For continuous variables such as age and number of hospitalizations, baseline characteristics were assessed using descriptive statistics including the number (n) and percentage (%) of subjects, mean, and standard deviation (SD). Frequencies and percentages were displayed for categorical data. Percentages by categories were based on the number of subjects with no missing data, i.e., added up to 100%. To estimate the balance between the treatment groups edoxaban vs phenprocoumon, the absolute standardized difference (ASD) was calculated. Phenprocoumon was used as the reference group while the threshold indicating imbalance was set to 0.1 [23].

Crude event rates and corresponding 95% confidence intervals (CIs) of the primary and secondary endpoints were described as the number of events per 100 person-years (% per year). Person-years of follow-up were calculated from the initiation of treatment with edoxaban or phenprocoumon to the occurrence of the first event investigated, the end of continuous enrollment, death, the end of the study period, discontinuation of treatment, or switching to another oral anticoagulant (including warfarin), whichever came first. Crude event rates for each endpoint and treatment group were calculated by dividing the number of events by the person time and reported per 100 person-years.

The adjusted event rates were calculated using a Poisson regression model, which considered a fictive patient who possessed the average baseline demographics and clinical characteristics of all patients. The primary and secondary endpoints served as dependent variables, while baseline characteristics and treatment groups were considered as independent covariates. Baseline variables were regarded time-independent, i.e., only the covariates’ value at baseline was considered. Adjusted event rates for the individual treatment groups were the marginal mean values of the prediction derived by the Poisson model and reported per 100 person-years.

To compare the risk for stroke/SE and all-cause mortality (effectiveness events), and bleedings (safety events) between NVAF patients initiating edoxaban and phenprocoumon treatment, hazard ratios (HR) were estimated through multiple outcome-specific cox proportional hazard regression models. Edoxaban was compared to phenprocoumon with phenprocoumon serving as reference category in the analysis. Adjustment included demographic characteristics, comorbidities, and risk factors for stroke/SE and bleeding as dependent variables, while the treatment groups were included as independent covariate. Covariates with significant influence on the multiple outcome-specific cox proportional hazard models were selected through machine learning in terms of backward elimination.

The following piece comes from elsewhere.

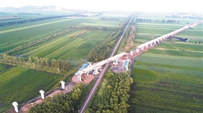 图为7月19日牡佳客专跨佳富铁路1号特大桥转体连续梁成功转体合龙。

For building of the geriatric subgroups regarding age, comorbidity, frailty, and polypharmacy, the number and percentage of patients in each cohort and summary measures in terms of mean and SD were determined. Baseline characteristics and clinical features were stratified by treatment group (edoxaban vs phenprocoumon) and by subgroups of geriatric patients. In line with the main analysis, differences in the risk of primary and secondary effectiveness and safety events between the treatment groups were determined for geriatric patients. Multiple outcome- and geriatric subgroup-specific cox proportional hazard models were used to estimate the treatment effect on the respective event rates. Using analysis of variance, the effect modification by geriatric subgroups on the association between treatment and outcomes was tested by adding interaction terms for the age, comorbidity, frailty, and polypharmacy subgroups to the multiple cox proportional hazard regressions.